Machine: 4xIntel® Core™ i5-6200U Processor
Profiler: Intel® VTune™
Disassembler: objdump

For testing speed I used a function that gets each word in the dictionary (160,000 words) 1000 times. When starting the test, only the profiler was launched (IDE is also disabled) to minimize the influence of other programs on the processor. This is necessary so that the time spent on constructing the table and on other side functions is minimal. It is also important not to call the same words several times in a row because people rarely translate the same words several times. In this way we break the cache, but we get more realistic conditions. Here speed test code:

void SpeedTest(HashTable *hash_table, DoubleWord *translates, size_t words_count)
{
    for (int j = 0; j < 1000; j++)
    for (size_t i = 0; i < words_count; i++)
            HashTable_get(hash_table, translates[i].primary_word);
}

DoubleWord it's a structure that have only two fields: primary_word(const char*) and translated_word(const char*).
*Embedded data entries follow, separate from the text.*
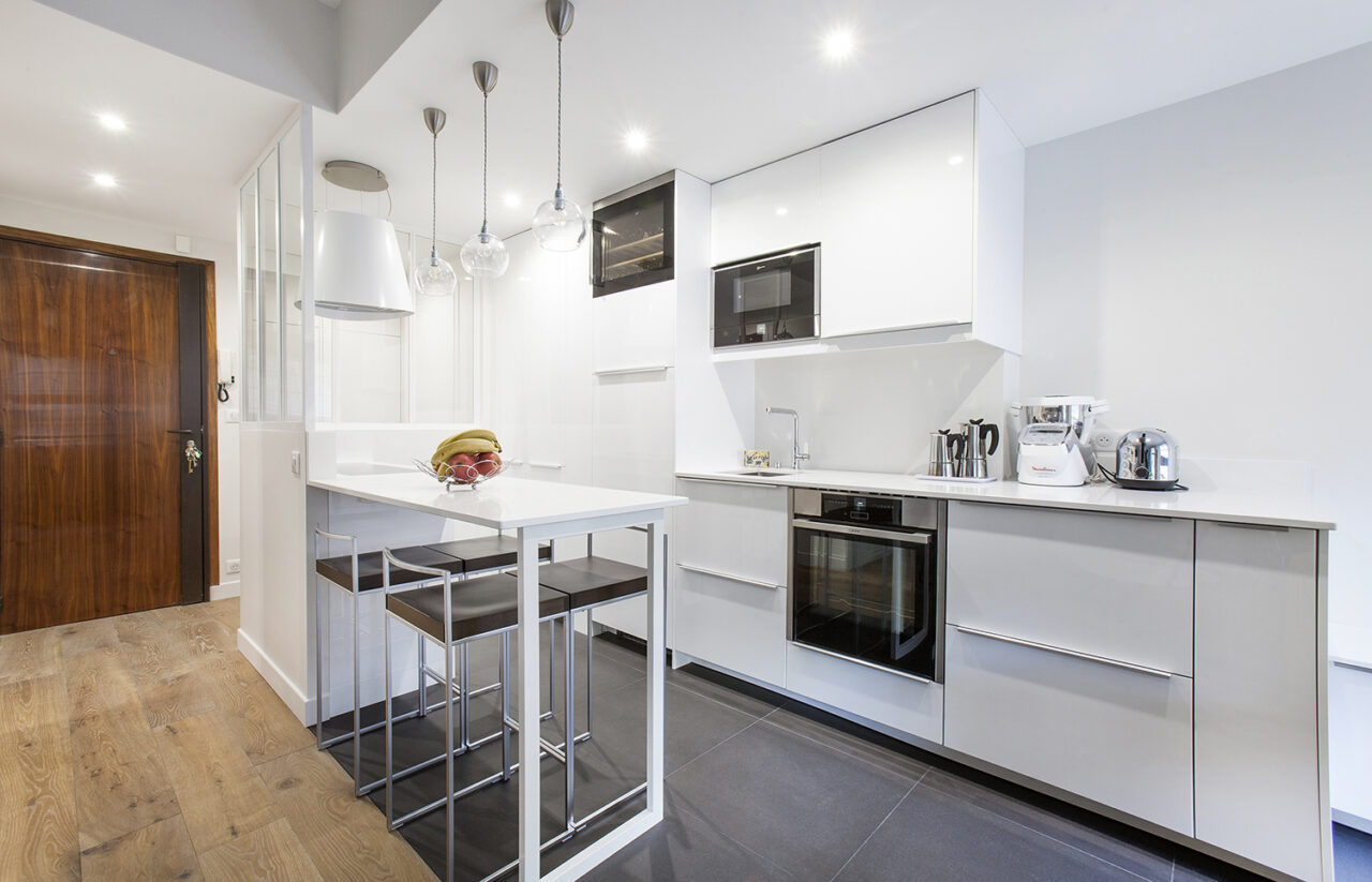 L’entrée de l’appartement se fait sur un dressing sur mesure que nos menuisiers se sont chargés de construire. Ce dressing sur mesure se compose d’une penderie ainsi qu’une partie rangement pour chaussures. La cuisine ouverte sur le salon scandinave est séparée de l’entrée avec son dressing sur mesure par une verrière également sur mesure. Nous avons intégré cette verrière sur mesure afin de délimiter la cuisine de l’entrée tout en conservant une lumière naturelle.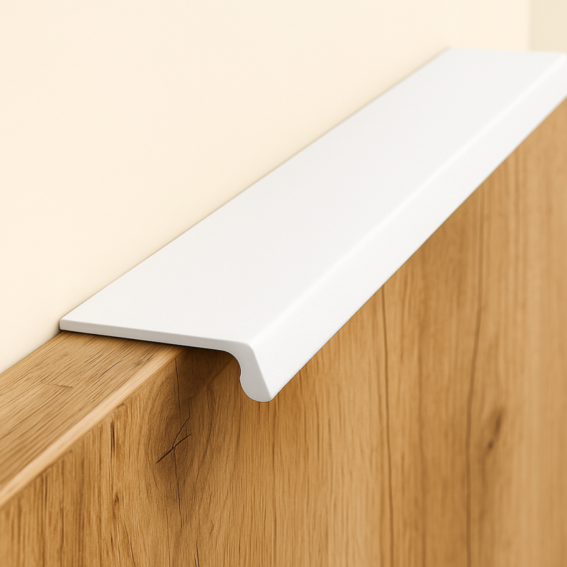 Der DELICIO-Griff ist so konzipiert, dass er direkt an der Kante von Möbeltüren oder Schubladen montiert werden kann. So entsteht ein sauberes und minimalistisches Erscheinungsbild, ohne dass eine herkömmliche Bohrung in der Oberfläche erforderlich ist. Seine schlanke und dennoch robuste Metallkonstruktion macht ihn praktisch, langlebig und modern zugleich.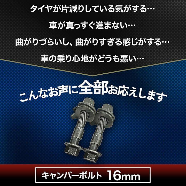 「参考車種一例」ヴェゼル CX-5 シビックタイプR オデッセイ CR-V アテンザ インテグラタイプS エクスプローラー ジェイド クロスロード エレメント エクリプス ラグレイト ACURA RDX MDX RSX、TOYOTA、SUZUKI、HONDA、NISSAN、MITSUBISHI、DAIHATSU、MAZDA、など、汎用タイプなのでその他16mmのキャンバーボルト装備車にも対応します。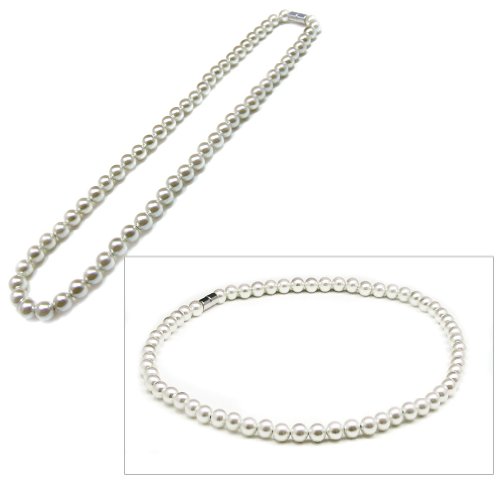 Accents Kingdom ® introduces an amazing magnetic hematite necklace. Are these real pearl beads? They are magnets! Each pearl (8mm) charged up to 600-700 gauss magnetic strength with a strong magnetic enclosure which holds this fabulous piece in style, very interesting piece to wear and show. It measure 20" long and 1/3" wide. It makes a great gifts for any occasions.Feature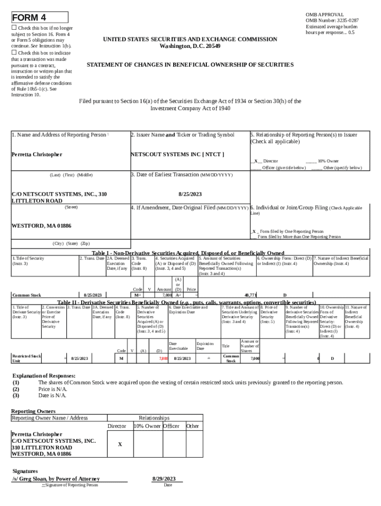 What is NETSCOUT SYSTEMS INC (: 4, Received - cloudfront.net Form?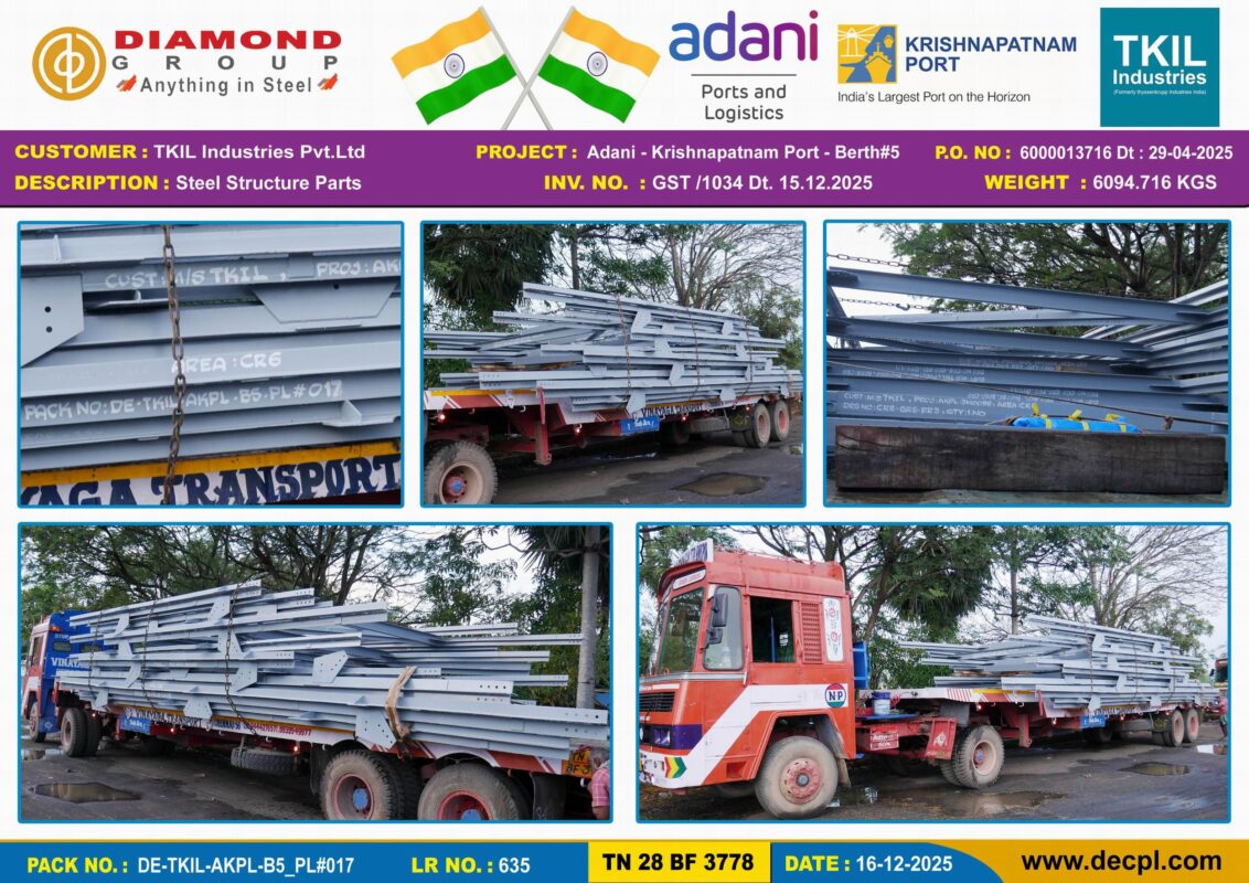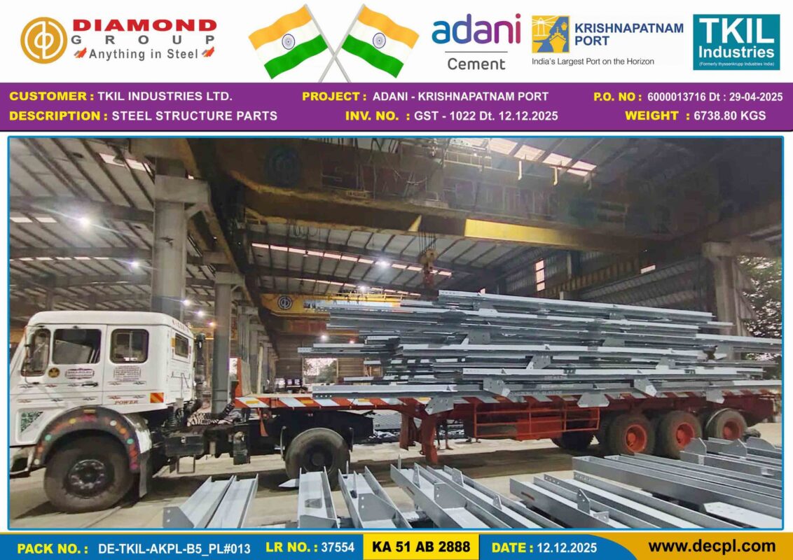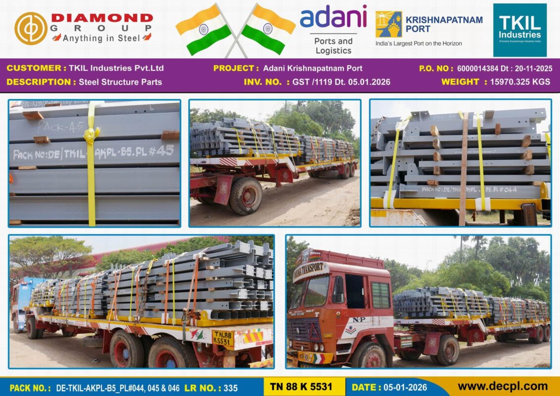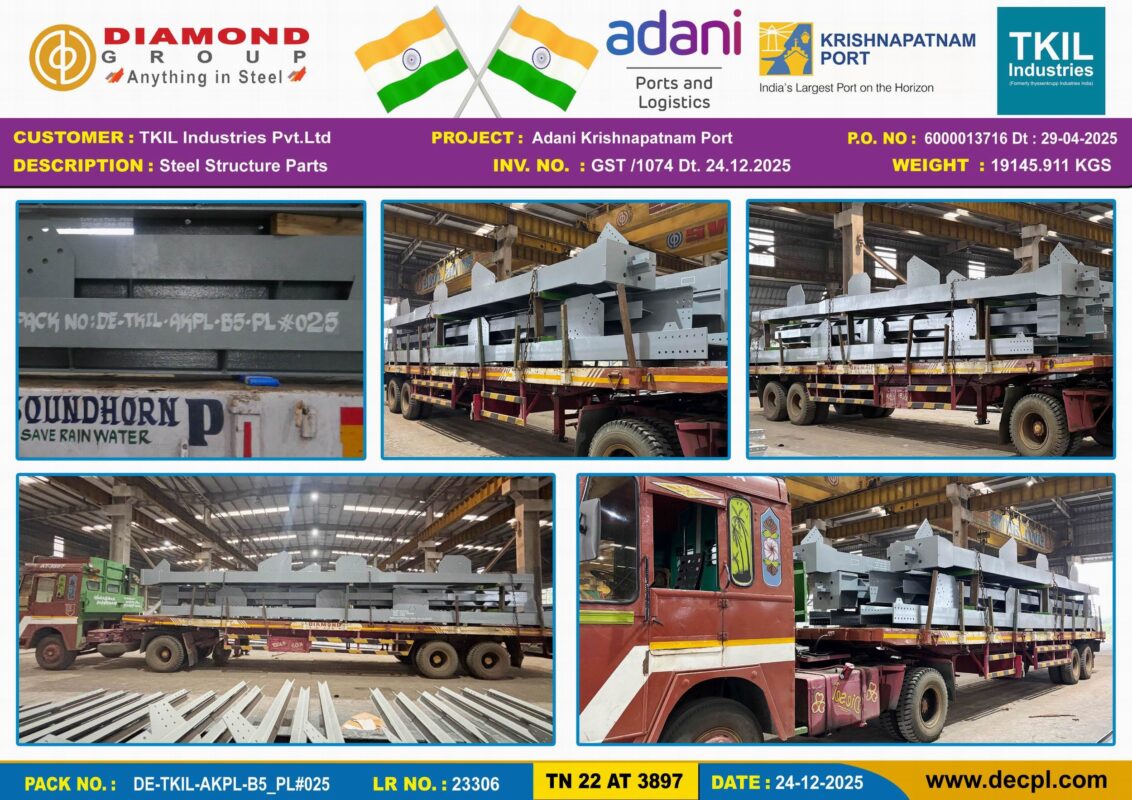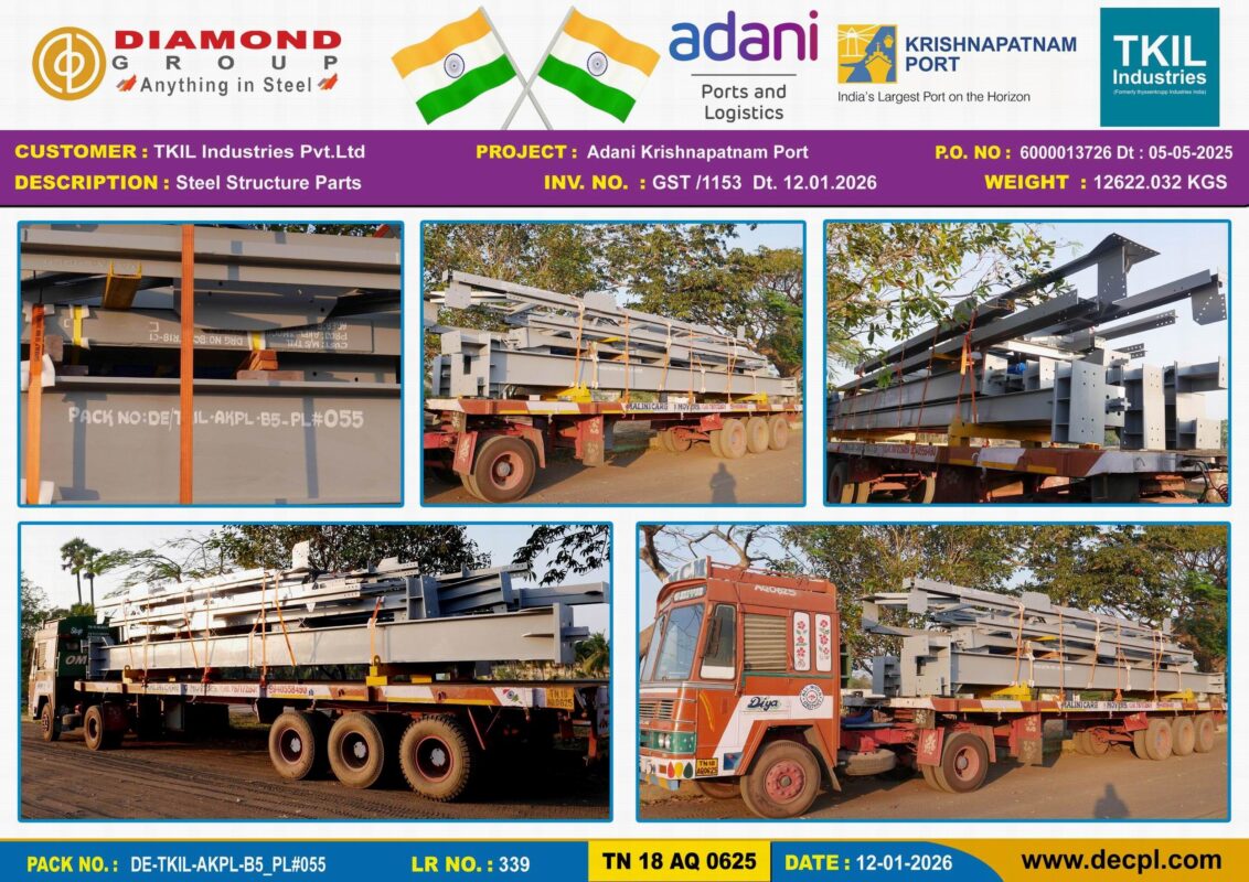All, Despatches TKIL Industries Pvt Ltd – Adani Krishnapatnam Port – Steel Structure Parts Despatches Posted on February 7, 2026February 7, 2026 by diamond 07 Feb diamond Industrial Visit – SATHYABAMA College of Nursing, Rajiv Gandhi Salai, OMR, Chennai – 600119 on 4th February 2026 Customer Visit SCHADE GmbH – Germany on 12 February 2026

And of course before speed test I tested hash table for correctness.

Optimization

Load factor optimization

In a hash table with separate chaining the load factor is the maximum ratio of the numbers of elements in the table to the number of bucket (Bucket it's one chain). Of course it should be less than 1 and in general the lower this number, the less collisions, and hence the faster work time (A collision is an equality of data keys, that is, two or more objects are in the same bucket). Below is a plot of the dependence of the hash table operation time depending on the size/capacity:

Plot

Figure 1

The plot shows that the load factor affects the speed of work. But the less the load factor, the more memory you have to spend on empty buckets. It is necessary to choose the optimal value for memory and speed. So I decided that a load factor of 0.7 is ideal for my hash table.
Load factor selection it is an algorithmic optimization. You don't need to think about how the hash table works.
First benchmark with total time 54.160s:

Vtune1

Figure 2

Get function optimization

As you can see on the Figure 2 the most significant function is get. This is how get function looked before:

ValueType* HashTable_get(HashTable *ths, KeyType key)
{
    unsigned long long new_hash = HashingFunction(key);

    My_list<HashTableEl> *curr_bucket = &(ths->buckets[new_hash % ths->capacity]);
    size_t curr_size = curr_bucket->size;

    list_iterator iter = {};
    iter = curr_bucket->begin();

    for (size_t i = 0; i < curr_size; i++, curr_bucket->iter_increase(iter))
    {
        if (!strcmp(key, (*curr_bucket)[iter].key))
            return &((*curr_bucket)[iter].value);
    }

    return NULL;
}

This is very slow function because of cycle and iteration on list. And this is how this function has looked disassembled:

...
    mov    QWORD PTR [rbp-0x8],rax
    xor    eax,eax
    mov    rax,QWORD PTR [rbp-0x40]
    mov    rdi,rax
    call   1229 <_Z16hashing_functionPKc>
    mov    QWORD PTR [rbp-0x20],rax
    mov    rax,QWORD PTR [rbp-0x38]
    mov    rsi,QWORD PTR [rax+0x10]
    mov    rax,QWORD PTR [rbp-0x38]
    mov    rcx,QWORD PTR [rax]
    mov    rax,QWORD PTR [rbp-0x20]
    mov    edx,0x0
    div    rcx
    mov    rax,rdx
    shl    rax,0x6
    add    rax,rsi
    mov    QWORD PTR [rbp-0x18],rax
...

As you can see there's a lot of memory access (to get structures fields). And also I decided to break an abstraction. To reduce the running time, I access memory directly (to get a List item). That is, I am not using iterators. And having figured out the structures, I rewrote this function in assembly (There's a lot of important things in C calling conventions and about it you can read here). And this is how it looks now:

HashTable_get:
    push rbx

    mov r8, rdi ; r8 = hash_table ptr
    mov r9, rsi ; r9 = char ptr

    mov rdi, r9
    push r9
    push r8
    call HashingFunction ; rax = hash
    pop r8
    pop r9

    mov rcx, [r8]        ; rcx = capacity
    xor rdx, rdx

    div rcx 
    mov rax, rdx
    shl rax, 0x6
    add rax, QWORD [r8 + 0x10] ; rax = curr bucket
    
    mov r10, rax               ; r10 = curr bucket
    mov r11, [r10 + 0x18]      ; r11 = curr size
    
    xor rcx, rcx               ; rcx = counter
...

And here you can see here profiler results for this version of the hash table with upgraded function get:

Vtune2

Figure 3

And total time is 50.042s. As you can see on Figure 3 hashing function is very slow and in the next step I improved it.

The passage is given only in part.